Some are suggesting that the controversy over whether or not TNA will even be able to go forward with its planned Sunday Bound for Glory pay-per-view extravaganza is some sort of clever PR stunt, but to think that misses a key point.

A company that has been fighting for legitimacy in the eyes of mainstream wrestling fans can’t be so desperate for attention that it would have to tease its own demise as a company just to get attention.

Could it?

Reports are that, in fact, Smashing Pumpkins frontman Billy Corgan, who has been involved in creative and on-air on TNA TV programming, is among the suitors for the company, along with industry giant WWE.

A Corgan purchase would be good news for TNA fans, because his interest is in keeping the company moving forward, with Bound for Glory and beyond, building on a promising roster that includes world champion Bobby Lashley, and WWE castoffs Aron Rex, Cody Rhodes, Drew Galloway and EC3.

Any kind of announcement involving WWE would be bad news, because The E would likely do what it did when it bought out WCW 15 years ago, namely, shutter the doors on a competitor.

WWE is almost certainly interested solely in the tape library of TNA, along with the contracts of a few top TNA superstars. TNA talent has provided an interesting lifeblood for WWE of late, with former TNA mainstay A.J. Styles now holding the prestigious WWE world championship, and long-time TNA superstar Samoa Joe having a reign with the NXT championship that ended recently.
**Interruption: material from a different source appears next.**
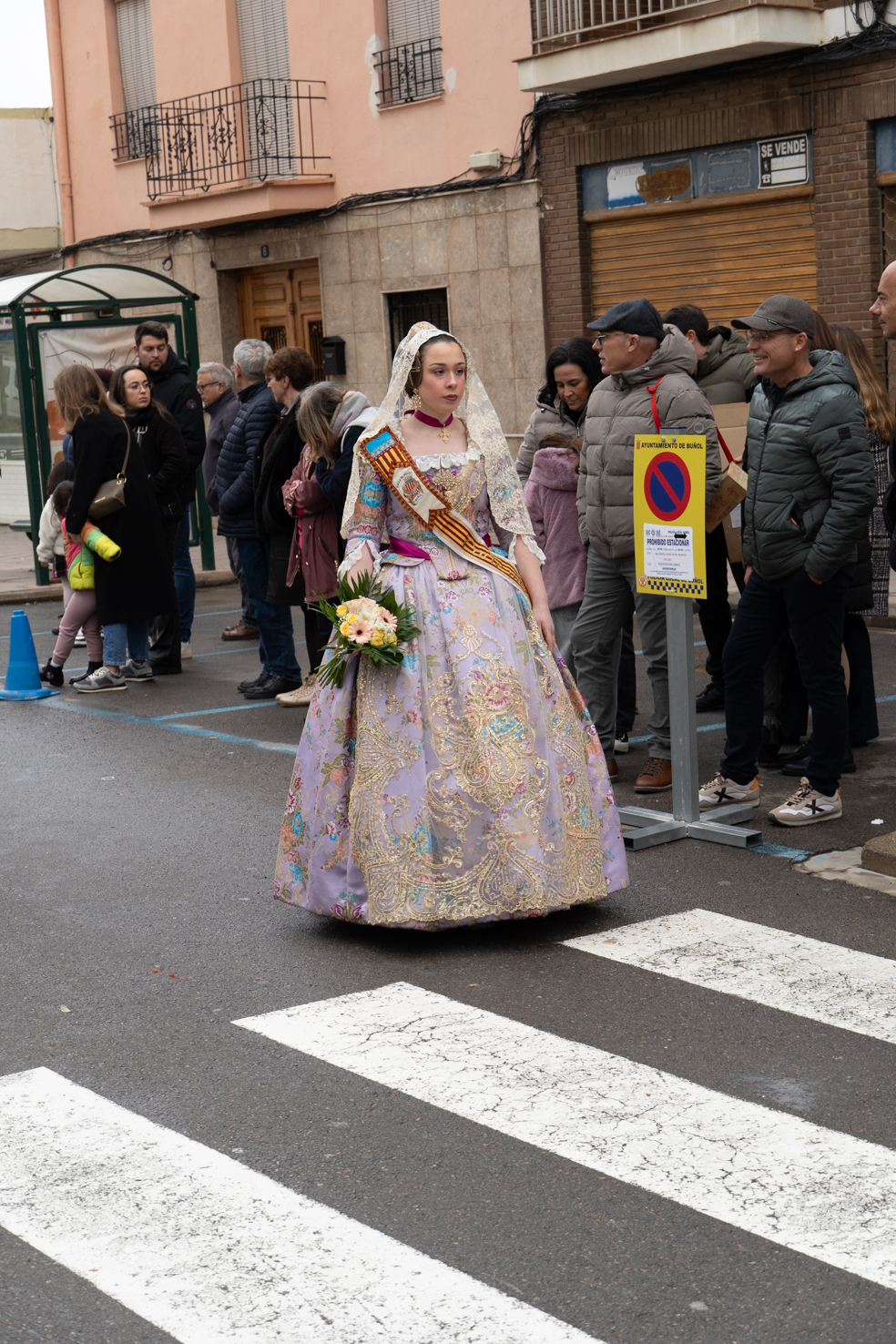 Este año, la Ofrenda contó con un detalle histórico: la figura de la Fallera Mayor de la Junta Local, que se recupera en Buñol tras años sin representación. Candela Padilla, en su papel como máxima representante, fue la encargada de abrir el desfile, dando inicio a una de las tardes más esperadas por el mundo fallero de la localidad.

The talent currently in TNA, and the creative team, both do a good job of putting together compelling wrestling programming week in, week out. The problem for TNA, dating back many years, is not what you see in the ring, and on the TV screen, but rather in the front office, and more pointedly, in the lack of capitalization on the business side.

TNA has struggled to gain a foothold in terms of a consistent TV deal, and made a disastrous foray into live-event house shows that we have to presume (based on attendance) was a money drain.

The money issues are such that it would take someone with much deeper pockets even than a bona fide music icon like Corgan to be able to fix.

It’s admirable that he wants to be the next one to try to keep the ship afloat and work to going full steam ahead.

TNA has been the subject of countless obituaries over its 14-year run, so don’t give up on the company just yet.

You have to think it has at least a little life left in it. The product is too good to just have it all go quietly into the night.